It's extremely useful though, and they say all the right words when it comes to their revenue and their management of user data. The way I see it: they're basically a credit-card company that gives you much finer control of your online payments; they could probably screw me over, but so could my actual credit-card company. They at least make it harder for other companies to screw me over.
Sounds like a good idea. Basically a concierge credit card service that can negotiate canceling a subscription for you. That's actually the best thing that can happen for these cancel my contract type companies.. You pay a flat fee say $10 and then do the hassle of canceling for you or something. Or you build it in as a perk. The mass aggregation factor gives you some money to get the whole process streamlined for your customers.
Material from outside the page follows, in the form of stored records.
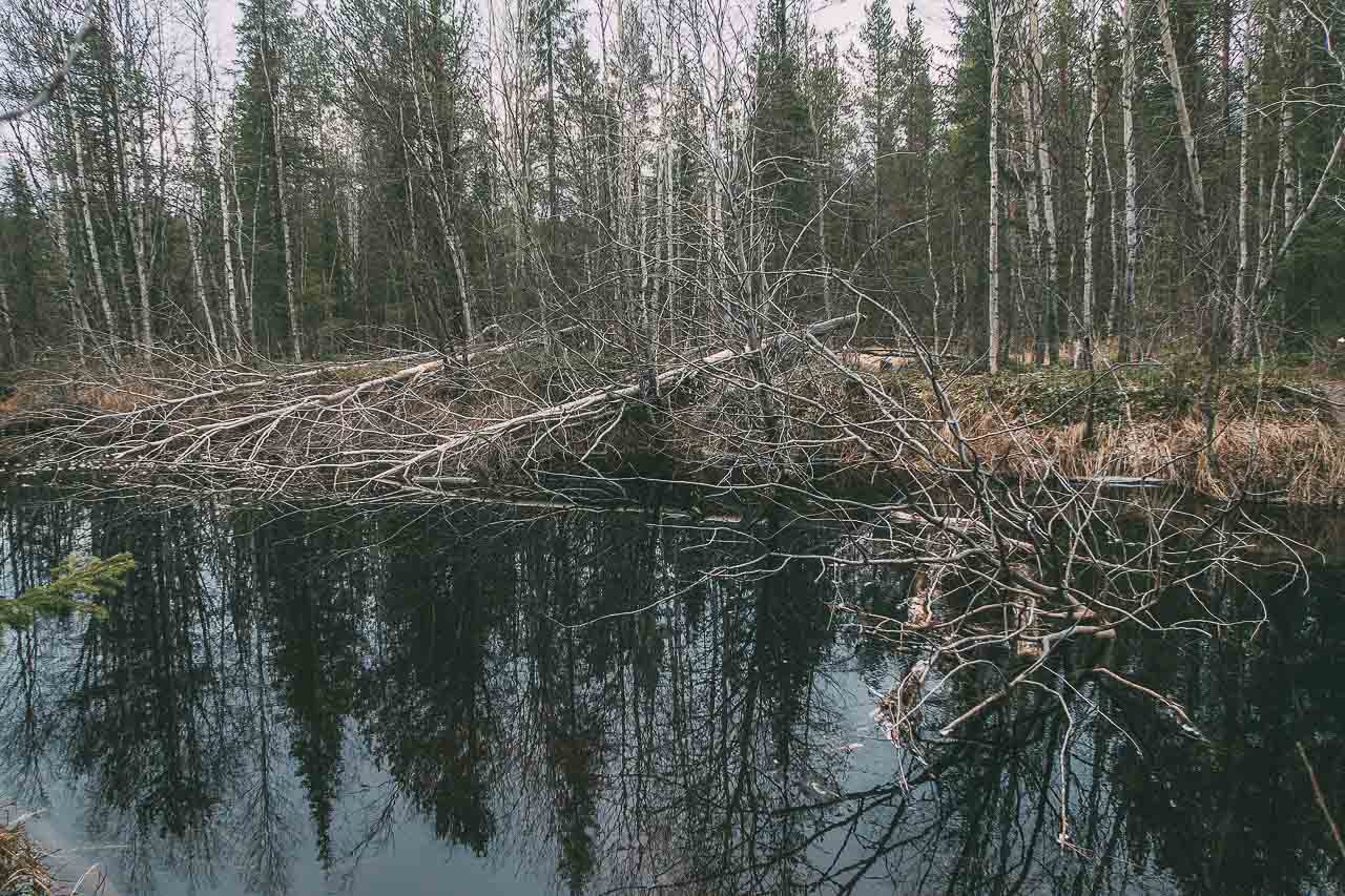 Ещё три недели назад на этом месте все деревья были целые, но с приходом заморозков, бобры начинают активно заготавливать себе запасы на зиму - результат на фото. Несколько десятков деревьев повалены вдоль ручья, образовав завалы.
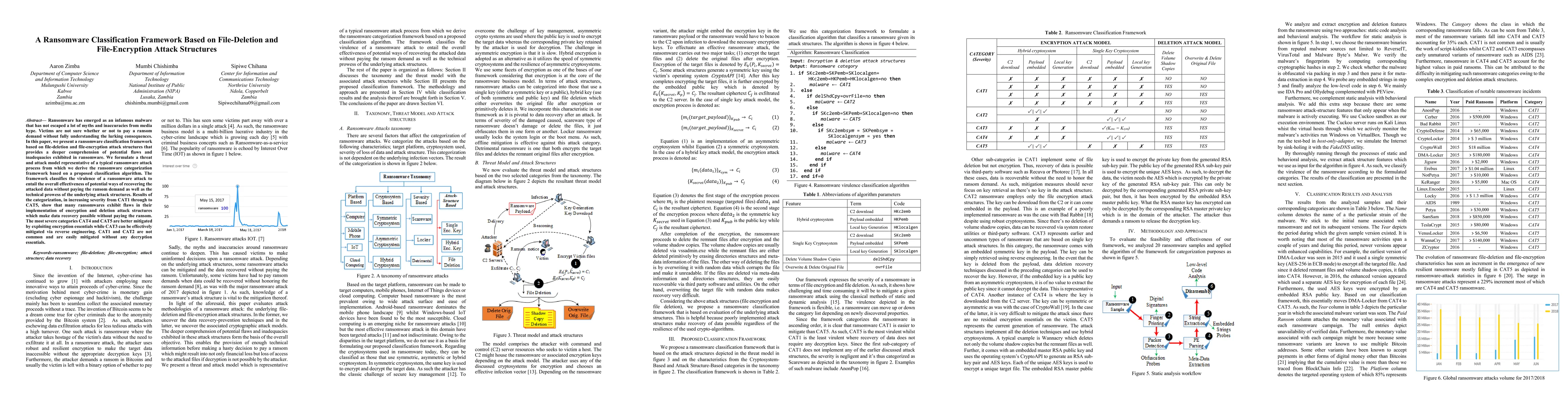 This paper introduces a ransomware classification framework based on file-deletion and file-encryption attack structures, aiming to enhance understanding of ransomware vulnerabilities. The framework categorizes ransomware from CAT1 to CAT5, revealing that many ransomwares have flaws that allow data recovery without paying the ransom, with more severe categories requiring specific mitigation techniques.
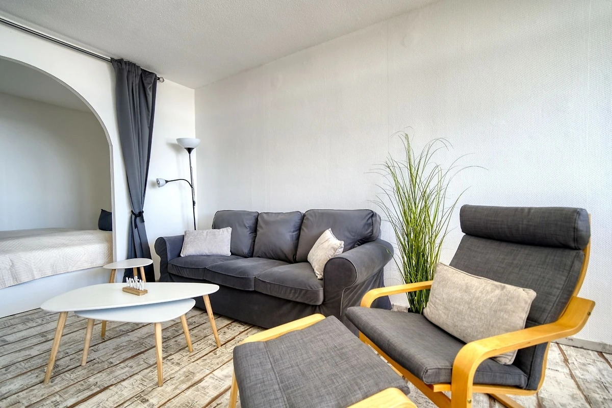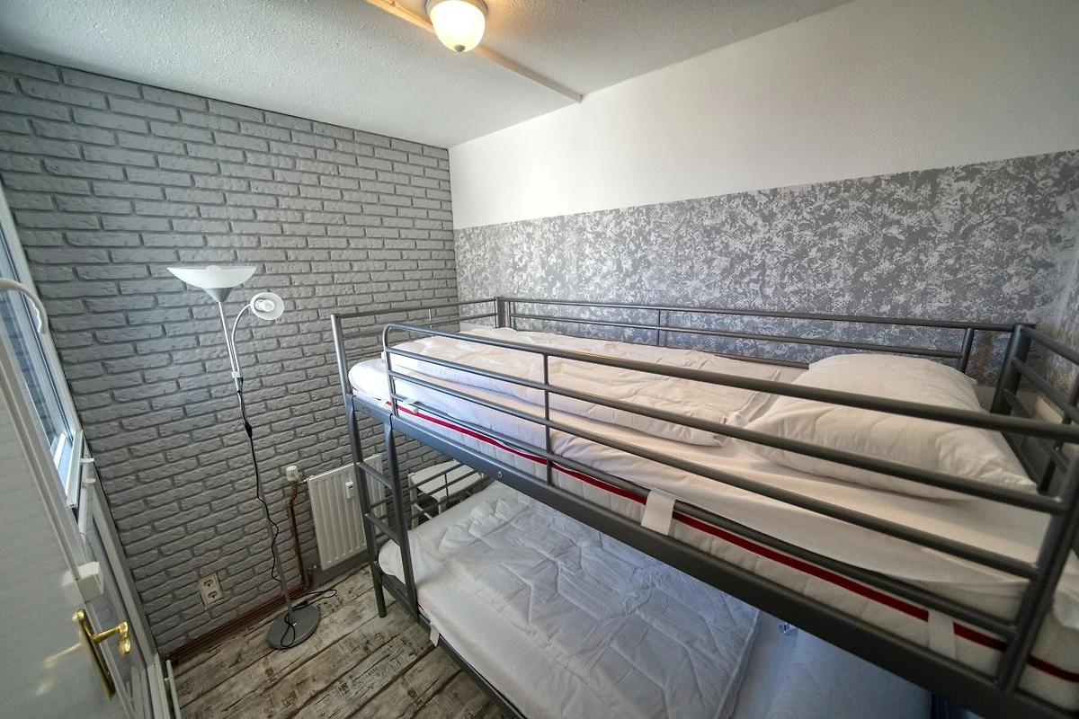Die Wohnung verfügt über einen separaten Schlafbereich mit Doppelbett sowie ein Kinderzimmer mit Etagenbett; ein Babybett kann bei Bedarf im Schlafzimmer aufgestellt werden. Die moderne Küche ist mit Backofen und Ceranfeld ausgestattet. Glasfaser-Internet steht ebenfalls zur Verfügung.
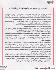 الزمالك يعيّن جون إدوارد مديرًا رياضيًا ويمنحه صلاحيات كاملة لإدارة شؤون الكرة
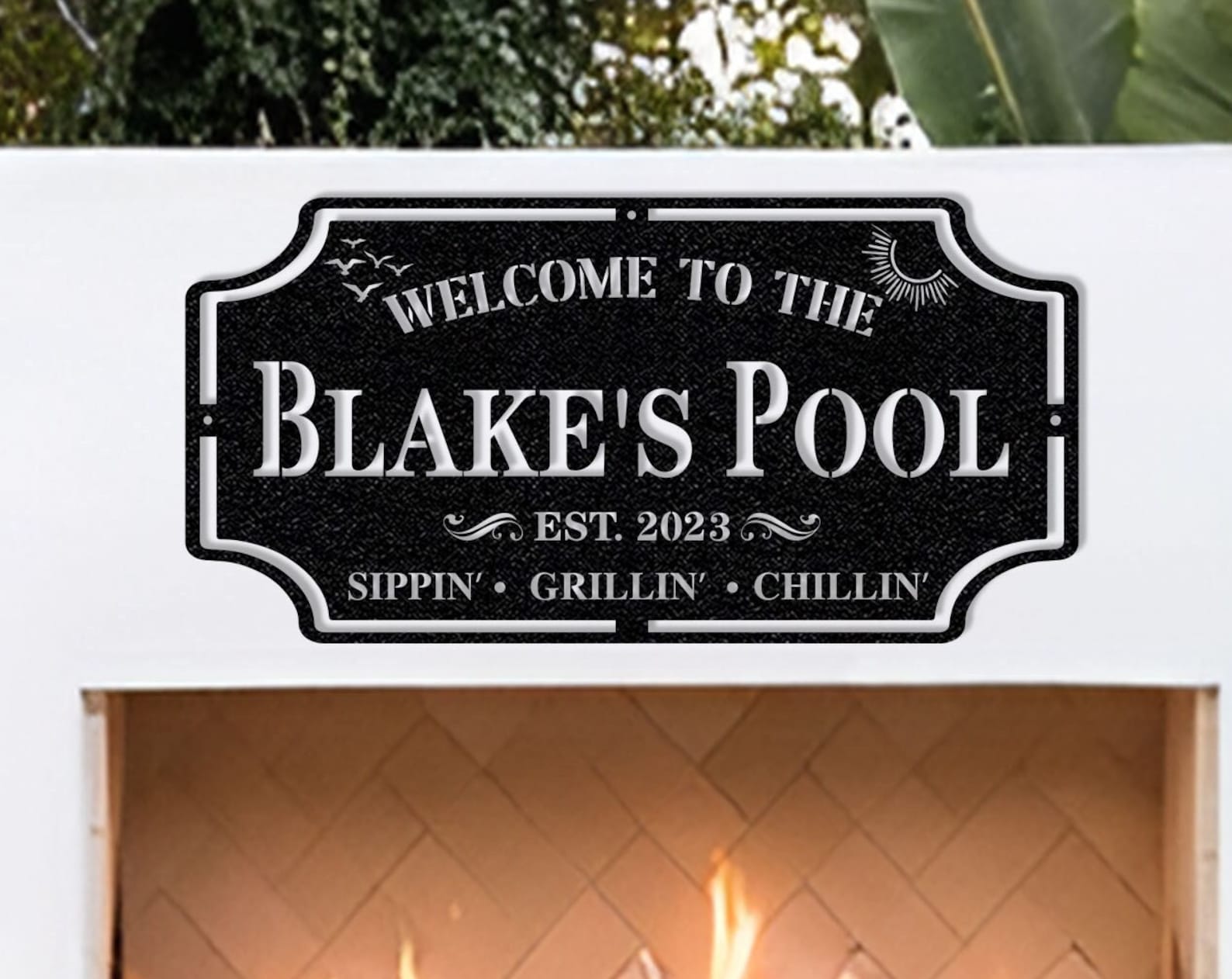 Personalized Family Pool Sign,Welcome Pool Metal Sign, Tiki Bar, Outdoor Pool Signs, Pool Oasis Personalized Sign for Pool,Patio Decor,poolside metal sign ,Housewarming Gift

Their support pages didn't seem to have any information on how to cancel. I emailed their support and requested to have my account deleted and got a polite reply from a human the next morning saying that they had done so.
Only for certain things. My experience is anything primarily offline, they collect: gyms, ISPs, gas companies, etc.
Anything primarily online? They don't. Netflix, hulu, most credit card subscriptions that are VC funded (I've done with with countless SAAS providers), etc. I've ghosted them with no repercussions on my credit score or collections calls.
Edit: I also use paypal and click the remove merchant authorization button from there; that might also trigger some kind of forced cancellation?
NYT is a great example for mindless optimization of short-term metrics. Canceling my subscription during the 2016 presidential race was such a humiluating experience that I would never again subscribe even though I miss reading the NYT. They lost me forever.
They make you subscribe (vs purchasing just a single meal), which is very annoying and the reason I don't use them, but I've found them very easy to cancel. You just click a button online. And even better, they then send you a $60 coupon to rejoin a month later.
Sure, it's not like you have to call them, but all the ones I've tried have employed anti-patterns for cancelling meals and worse ones for cancelling subscriptions.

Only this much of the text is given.